START Excerpted records

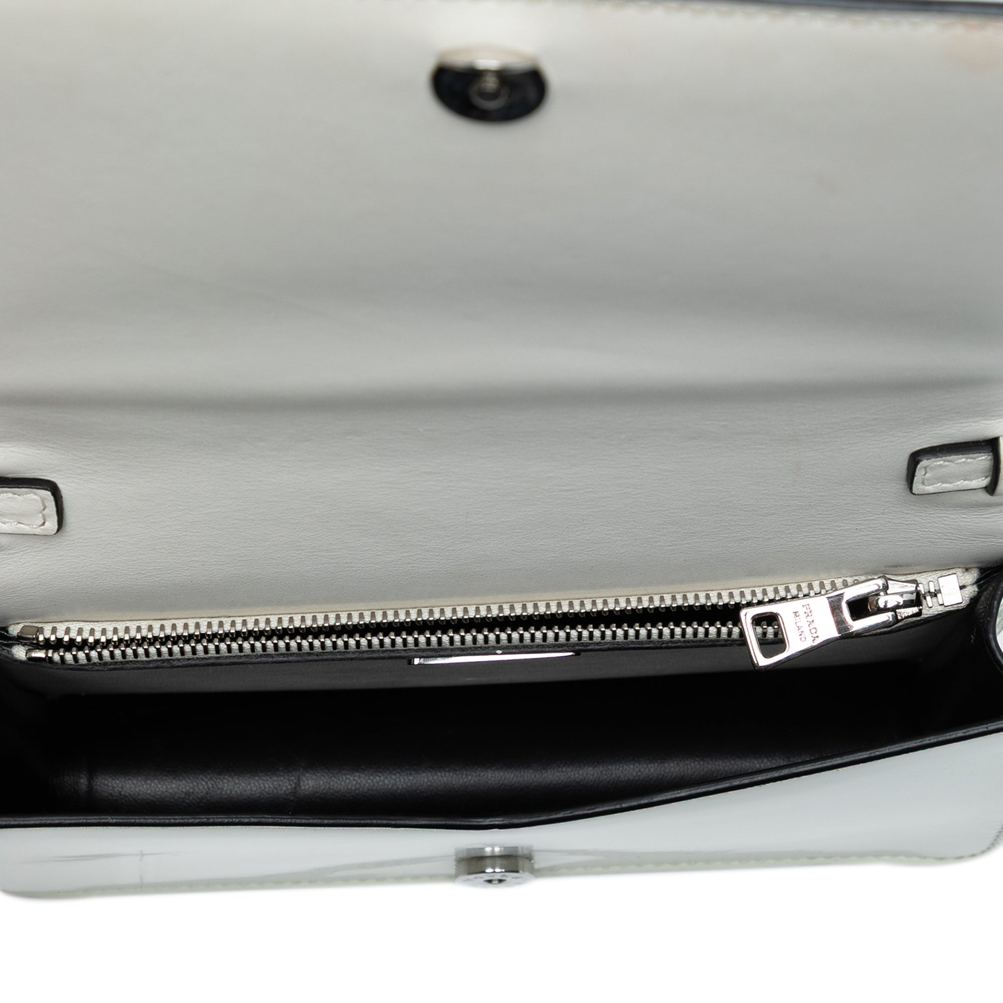 This crossbody features a leather body, a silver-tone chain shoulder strap, a front flap with magnetic snap closure, and an interior zip compartment.
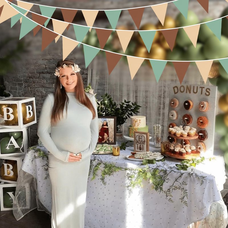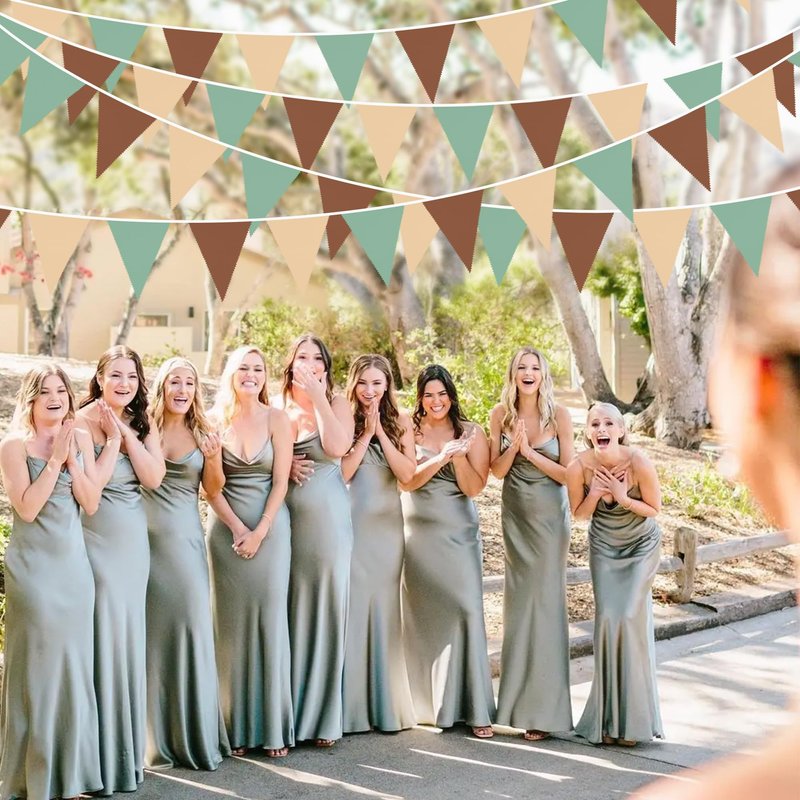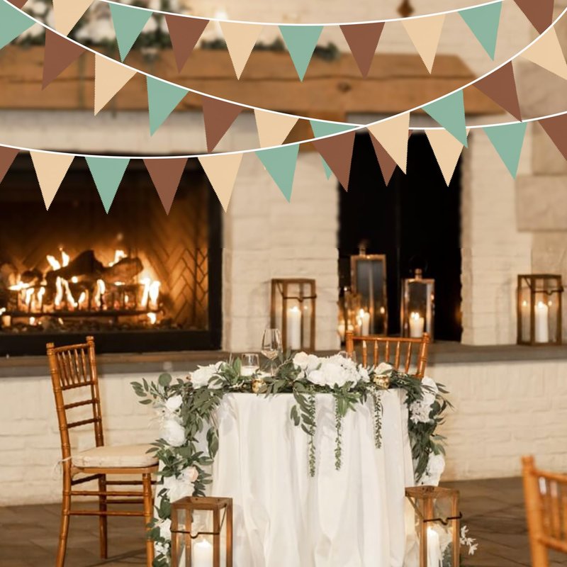 • Package Including:1 pack green brown fabric bunting banner garland in sage green, brown and light brown colors, with 36pcs flags in 10M/32.8Feet. Flag Size: 5.5in width x 7in height.
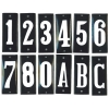 B x H = 4 x 10 cm. Kleur: Zwart met witte cijfers.
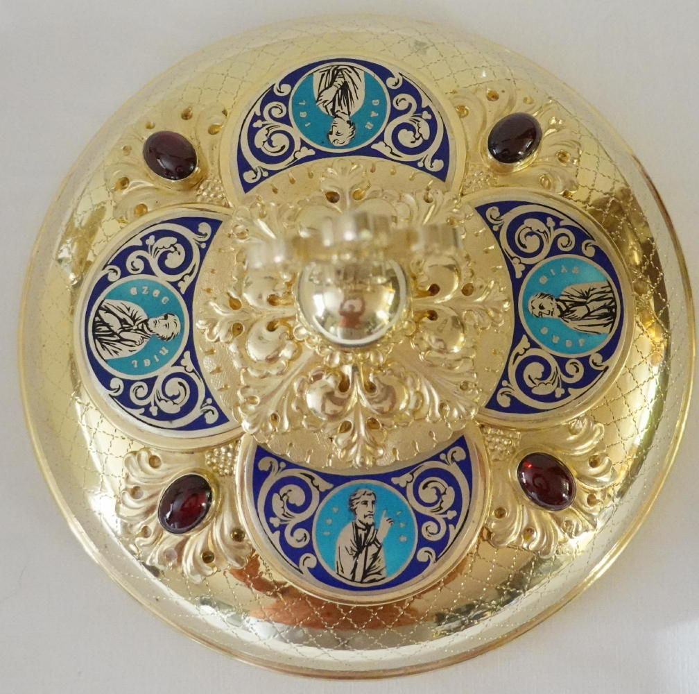 The circular lid on top of the Ciborium is finished with fine engraving to the edge. the centre-piece has four semi-circular enamels, each depicting a Prophet: Isiah, Jeremiah, Daniel and Ezekiel.
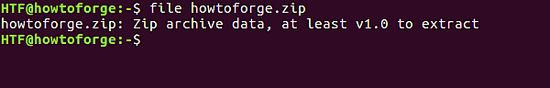输出的文件是 “howtoforge.zip”。要交叉验证它的类型,使用 file 命令:
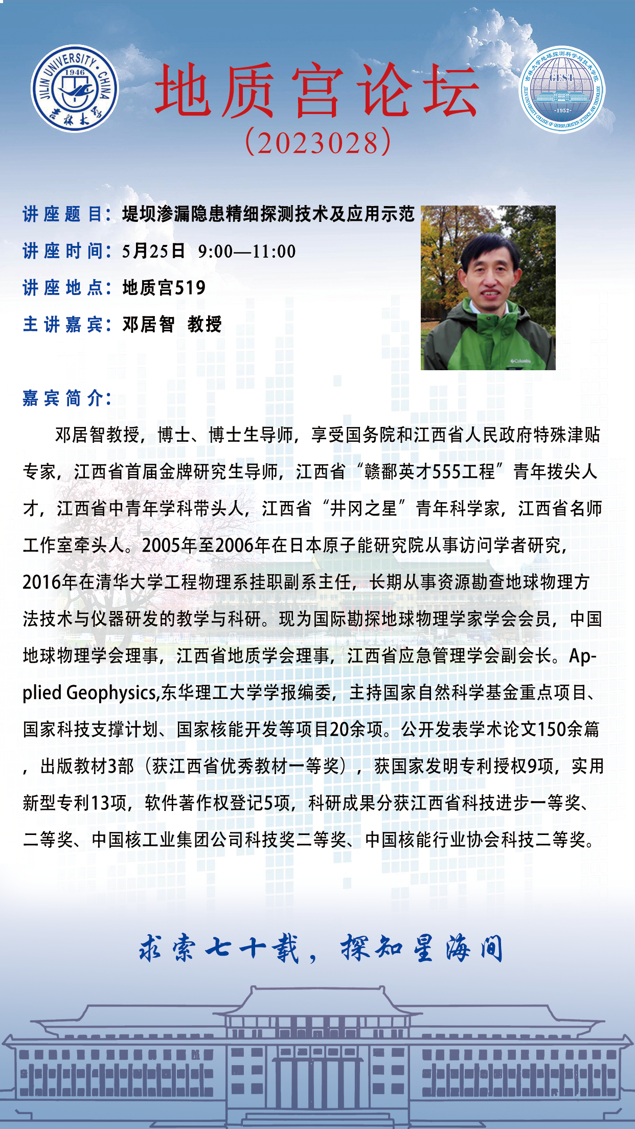 地学70周年·永利yl23411·地质宫论坛(2023028)—东华理工大学邓居智教授学术报告

END Excerpted records

* [What you will do] An acceptable answer holds exactly the lines from the one with "B x H = 4 x" through the end of the entries above, both ends kept, and no pictures at all.

* [Task response]
 B x H = 4 x 10 cm. Kleur: Zwart met witte cijfers.
 The circular lid on top of the Ciborium is finished with fine engraving to the edge. the centre-piece has four semi-circular enamels, each depicting a Prophet: Isiah, Jeremiah, Daniel and Ezekiel.
输出的文件是 “howtoforge.zip”。要交叉验证它的类型,使用 file 命令:
 地学70周年·永利yl23411·地质宫论坛(2023028)—东华理工大学邓居智教授学术报告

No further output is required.